- Relief pitcher
- Born: September 21, 1909 Somerville, Massachusetts, U.S.
- Died: April 2, 1997 (aged 87) Melrose, Massachusetts, U.S.
- Batted: RightThrew: Right

MLB debut
- August 23, 1935, for the Boston Braves

Last MLB appearance
- June 19, 1936, for the Boston Bees

MLB statistics
- Win–loss record: 0–1
- Earned run average: 3.78
- Strikeouts: 8
- Stats at Baseball Reference

Teams
- Boston Braves / Bees (1935–1936);

= Al Blanche =

American baseball player (1909-1997)

Prosper Albert Blanche (September 21, 1909 – April 2, 1997) was an American Major League Baseball pitcher. He played two seasons with the Boston Braves / Bees from 1935 to 1936.

==Biography==
A native of Somerville, Massachusetts, Blanche was the son of Italian emigrants and the youngest of four children. He attended Somerville High School, and played college baseball at Providence College, graduating with a degree in philosophy in 1934. While at Providence, he played summer baseball in the Cape Cod Baseball League (CCBL). In 1931, he began the CCBL season with Wareham, but finished the season with Falmouth. In 1933 and 1934, he pitched for the league's Harwich team, winning the decisive third game of a three-game championship series sweep for Harwich over Falmouth.
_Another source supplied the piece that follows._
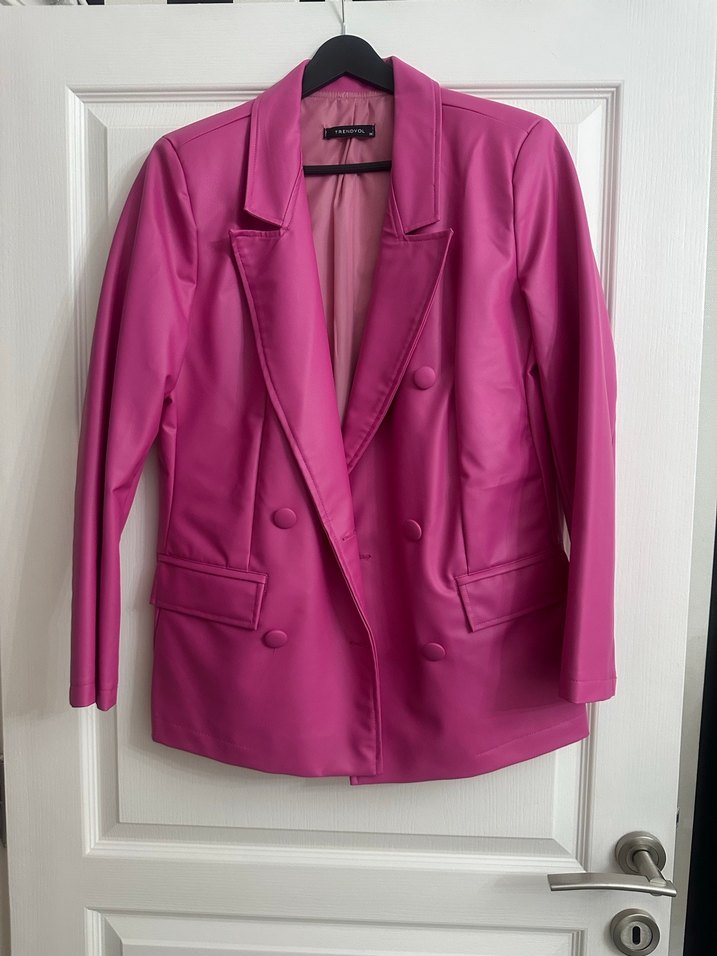 Pembe deri kadın blazer ceket, yakalı ve düğmeli ön detaylıdır. Parlak yüzeyli, normal uzunlukta ve strappy kolludur. Cesur stil ve ofis için uygundur.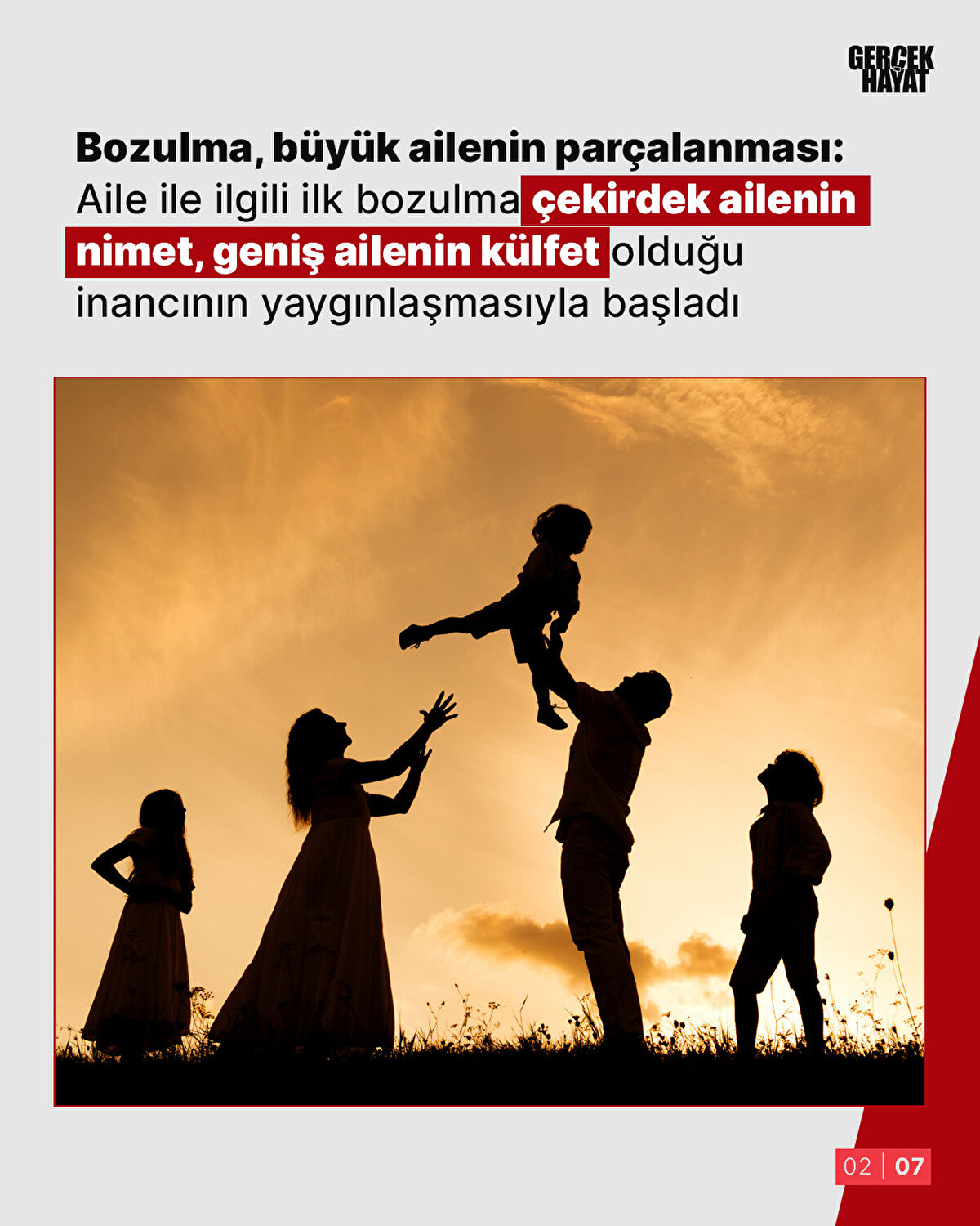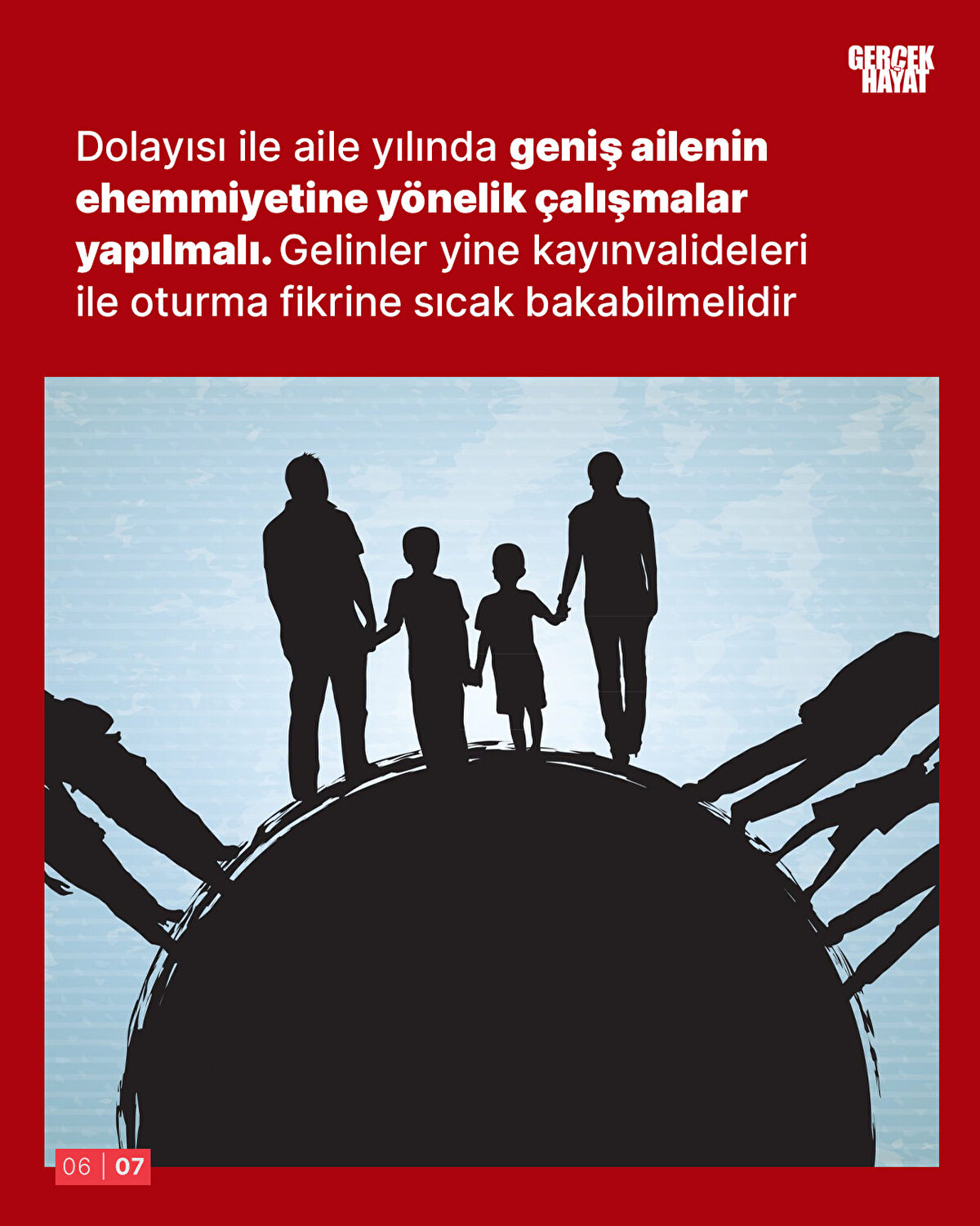 Bozulma, büyük ailenin parçalanması: Aile ile ilgili ilk bozulma çekirdek ailenin nimet, geniş ailenin külfet olduğu inancının yaygınlaşmasıyla başladı. Geniş ailede çocukların sevilmediği safsatası ile başladı belki de her şey. Büyük baba, büyük annenin yanında çocuklarımızı sevemezdik cümlesi çocukların sevgisiz büyüdüğü izlenimini ortaya çıkardı. Fakat çocuğun anne ve babasının azarından kaçarak sığındığı sevgi limanı idi dede, nine. Dolayısı ile aile yılında geniş ailenin ehemmiyetine yönelik çalışmalar yapılmalı. Gelinler yine kayınvalideleri ile oturma fikrine sıcak bakabilmelidir.

Blanche caught on with the big league Braves near the end of the 1935 season. Though it was the end of a dismal campaign for the Boston club, Blanche posted an impressive 1.56 ERA in 171/3 innings over six appearances. His debut came on August 23, when he tossed four innings in relief of Ben Cantwell, allowing two earned runs and smacking a hit in the Braves' 7–5 loss to the Pittsburgh Pirates at Braves Field. His best outing came on September 29 in the first game of a home doubleheader against the New York Giants and hurler Al Smith. With the Braves down 5–2 after three innings, Boston starter Ed Brandt was lifted for Blanche, who finished with six strong shutout innings in the eventual 5–3 loss.

Blanche began the following season with Boston, now known as the "Bees", appearing in 11 games and posting a 6.19 ERA in 16 innings before being optioned to the minor leagues. He made one appearance with the Syracuse Chiefs, then finished out the 1936 season with the Columbia Senators of the Sally League. In 1938, he was back in the CCBL with Orleans. Over his two major league seasons, Blanche tossed 331/3 innings with a 3.78 ERA and eight strikeouts. He went 2-for-10 at the plate, and committed two errors in 16 chances in the field.

Blanche served in the United States Air Force during World War II, and died in 1997 in Melrose, Massachusetts, at age 87.